While some NoSQL databases have managed to implement ACID transactions, they traditionally have only been a part of relational database management systems (RDBMS). One reason for that: RDBMSs historically have been contained within a single machine instance. The reality of managing database operations is that it’s much easier to provide ACID properties when everything is happening within the bounds of one system. This is why the inclusion of full ACID transactions into a distributed database such as Cassandra is such a big deal.

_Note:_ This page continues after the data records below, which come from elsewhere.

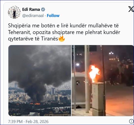 Në një postim në rrjetin social X, kryeministri ka ndarë dy fotografi nga sulmet amerikano-izraelite në Teheran, si edhe një kosh që ka marrë flakë nga molotovët që hodhën protestuesit në Tiranë.
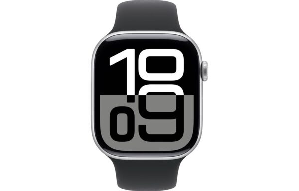 Apple Watch Series 10, 46 мм, Silver, Алюминиевый корпус с Black Sport Band — M/L (160-210мм)
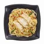 | 【内 容】 | ぺペロンチーノソース味のスパゲッティに、鹿児島県産黒豚を使用した揚げ餃子を添えました。餃子のタレを別添えで付けました。 |
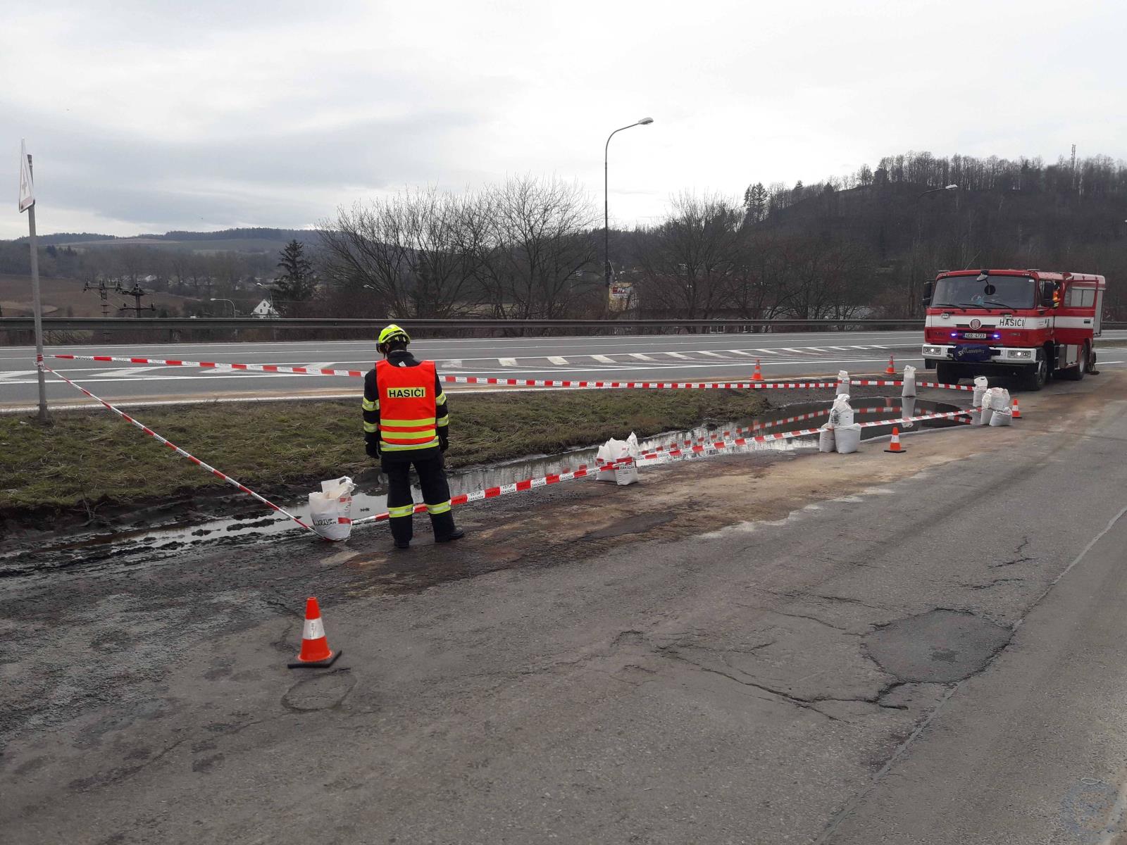 Hasiči provedli úklid komunikace od použitého sorbentu a označili místo události. O lagunu s naftou se postará firma, která havárii způsobila.

The advantage of ACID transactions is that multiple operations can be grouped together and essentially treated as a single operation. For instance, if you’re updating several points of data that depend on a specific event or action, you don’t want to risk some of those points being updated while others aren’t. ACID transactions enable you to do that.
Example transaction
Let’s look at a game transaction as an example. Perhaps we’re playing one of our favorite board games about buying properties. One of the players, named “Avery,” lands on a property named “Augustine Drive” and wants to buy it from the bank for $350.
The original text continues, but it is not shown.